Home > Wicked Hour (Heirs of Chicagoland #2)(7)

Wicked Hour (Heirs of Chicagoland #2)(7)
Author: Chloe Neill

Connor turned off the bike, pulled off his helmet.

“Our second and final rest stop,” Connor said as the porch light came on, illuminating the front door.

“No Alexei?” I asked, pulling off my helmet and rolling my neck.

“He’s going to drive ahead, check the lay of the land.”

“That’s very vampiric of you,” I said with a grin, throwing back his comment.

“We occasionally have strategic thoughts,” Connor said with a smile. “But we try to avoid them as much as possible.”

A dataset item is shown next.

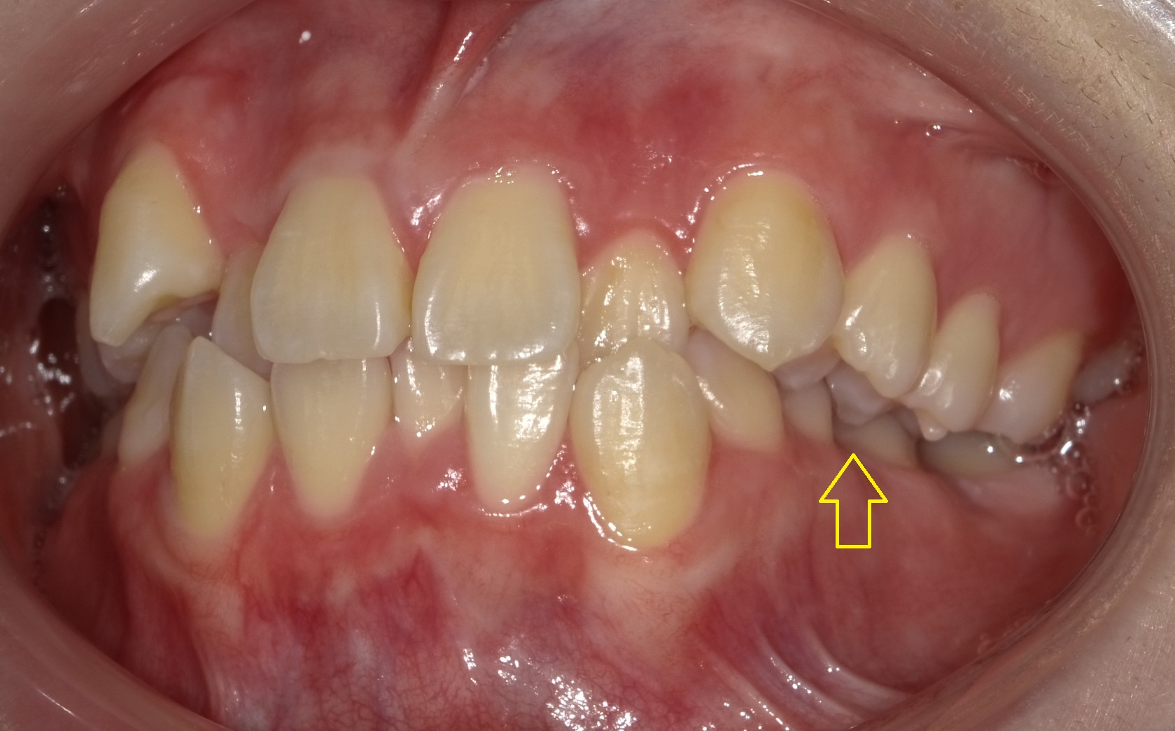 写真のとおり、①八重歯を目立ち、②上の2番目の歯が下の前歯に対して内側に傾いて、全体的にバラついているのですが、一番の問題は、

A woman stepped outside. She looked to be in her late thirties or early forties, with light brown skin, dark wavy hair that just reached her shoulders, and the wiry form of a distance runner. And she wore a tank top over yoga pants and running shoes so brightly pink, they nearly glowed in the dark.

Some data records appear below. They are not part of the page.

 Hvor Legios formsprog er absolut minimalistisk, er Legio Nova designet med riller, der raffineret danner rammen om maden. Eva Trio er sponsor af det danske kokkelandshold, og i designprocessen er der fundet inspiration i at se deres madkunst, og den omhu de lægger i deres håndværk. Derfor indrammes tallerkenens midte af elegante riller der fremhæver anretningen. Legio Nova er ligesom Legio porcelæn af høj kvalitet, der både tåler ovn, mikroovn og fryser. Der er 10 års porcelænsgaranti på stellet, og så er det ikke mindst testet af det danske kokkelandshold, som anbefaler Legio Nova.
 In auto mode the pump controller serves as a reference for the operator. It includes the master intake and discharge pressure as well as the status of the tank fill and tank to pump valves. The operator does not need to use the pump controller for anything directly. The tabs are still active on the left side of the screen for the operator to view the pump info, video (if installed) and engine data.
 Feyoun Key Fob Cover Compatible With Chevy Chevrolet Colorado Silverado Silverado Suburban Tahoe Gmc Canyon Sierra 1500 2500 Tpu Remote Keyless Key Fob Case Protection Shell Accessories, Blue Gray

That she was shifter was obvious from her energy. She was also stunning, with wide hazel eyes, a generous mouth, and apple cheekbones.

“Connor,” she said, and held out her arms. She was just a little shorter than me, and nearly dwarfed by Connor when they embraced. He pressed a kiss to her cheek.

“It’s good to see you.”

“And you. It’s been too long.” She put her hands on her trim hips, looked him over. “I think you’ve gotten taller.” She glanced at me, smiled knowingly. “And definitely more interesting.”

Connor smiled, and it was warm and happy. “This is Elisa Sullivan.”

“Of course it is,” she said with a smile, then reached out a hand. I walked up to meet them, and we shook, shifter power tingling in her touch.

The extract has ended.